Admission Controller

Kubernetes has an admission controller, which inercepts requests to the Kubernetes API server. This is implemented as HTTP callbacks, so when a kubernetes resource shall be created, updated or deleted, the admission controller receives the request and then may validate, mutate or do both. So there are two different types of admission controllers, which are executed in a certain order:

MutatingAdmissionWebhook will modify the object(s) to enforce custom defaults. This means, the object a user gets back, is different from what she creates. Configuration for such webhooks are stored in MutatingWebhookConfiguration.
ValidatingAdmissionWebhook will validate the request and then either accept or deny the creation of the object. Configuration for such webhooks are stored in ValidatingWebhookConfiguration.

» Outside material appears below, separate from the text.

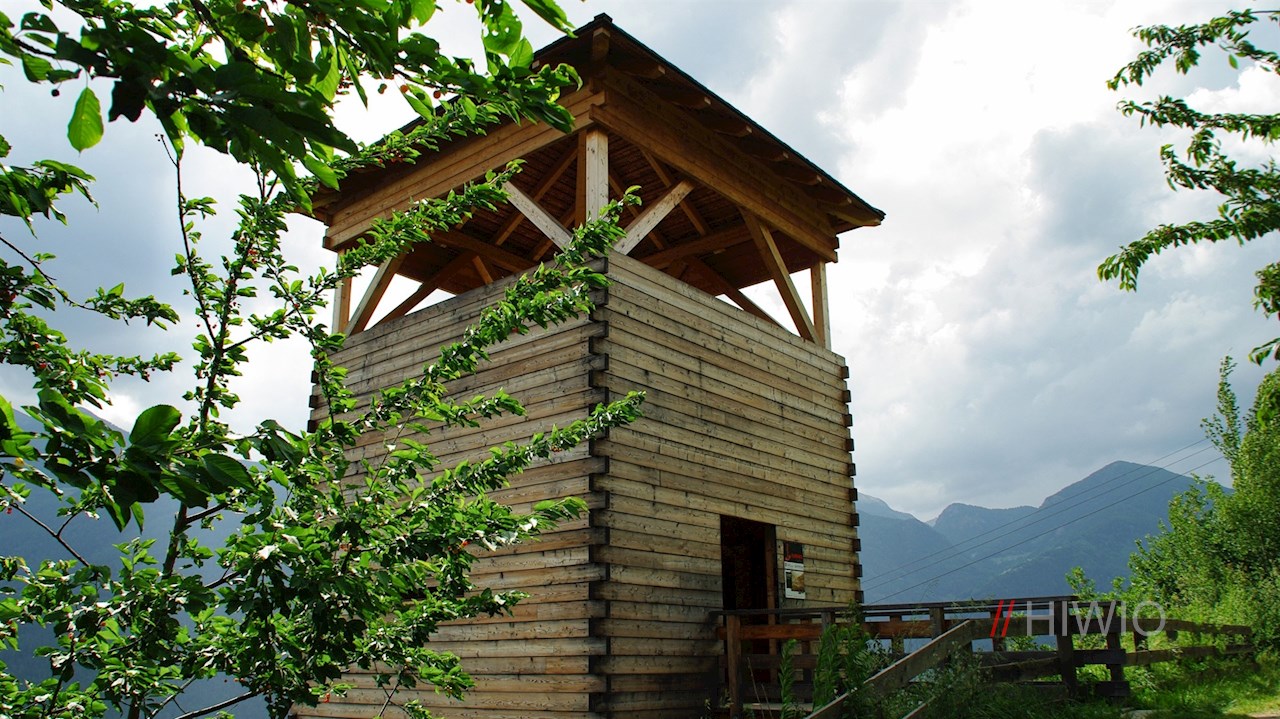 Hierauf lohnt ein kurzer Abstecher auf den nahen Pinatzbühel. Es handelt sich um eine vom Gletscher abgeschliffene Kuppe, die bereits in der Bronzezeit besiedelt war. Außerdem thronte hier einst eine von mächtigen Steinwällen und Palisaden umfriedete Wallburg, die einerseits als Handwerkstätte und andererseits als Rückzugsort bei Gefahren diente.
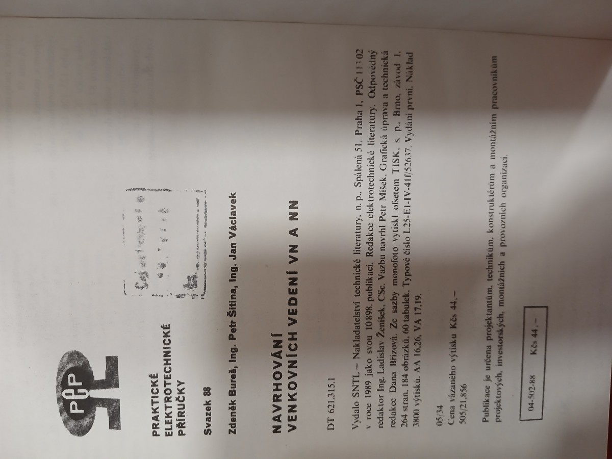| Digitalizovaná tiráž: | PCP ? PRAKTICKÉ ELEKTROTECHNICKÉ PŘÍRUČKY Svazek 88 Zdeněk Bureš, Ing. Petr Šitina, Ing. Jan Václavek NAVRHOVÁNÍ VENKOVNÍCH VEDENÍ VN A NN DT 621.315.1 Vydalo SNTL - Nakladatelství technické literatury. n. p., Spálená 51, Praha 1, PSČ 11302 v roce 1989 jako svou 10898. publikaci. Redakce elektrotechnické literatury. Odpovědný redaktor Ing. Ladislav Ženíšek, CSc. Vazbu navrhl Petr Mišek. Grafická úprava a technická redakce Dana Břízová. Ze sazby monofoto vytiskl ofsetem TISK., s. p., Brno, závod 1. 264 stran. 184 obrázků, 60 tabulek. Typové číslo L25-E1-IV-41f/52637. Vydání první. Náklad 3800 výtisků. AA 16.26, VA 17,19. 05/34 Cena vázaného výtisku Kčs 44,- 505/21,856 Publikace je určena projektantům, technikum, konstruktérům a montážním pracovníkům projektových, investorských, montážních a provozních organizaci. 04-502-88 Kčs 44.- |

There are some [dmission controller] implemented and enabled by default, but the mechanism is implmeneted in an extensible way, so additional admission controllers can be added to the platform, to enhance the functionality.

K-Rail

K-Rail is a kubernetes security tool for policy enforcement and offers the following features

Passive report-only mode of running policies
Structured violation data logged, ready for analysis and dashboards
Flexible and powerful policy exemptions by cluster, resource name, namespace, groups, and users
Realtime interactive feedback for engineers and systems that apply resources

It is based on dynamic admission controller in a Kubernetes cluster, where it receives validating and mutating admission webhook HTTP callbacks from the kube-apiserver and applies matching policies to return results that enforce admission policies or reject requests.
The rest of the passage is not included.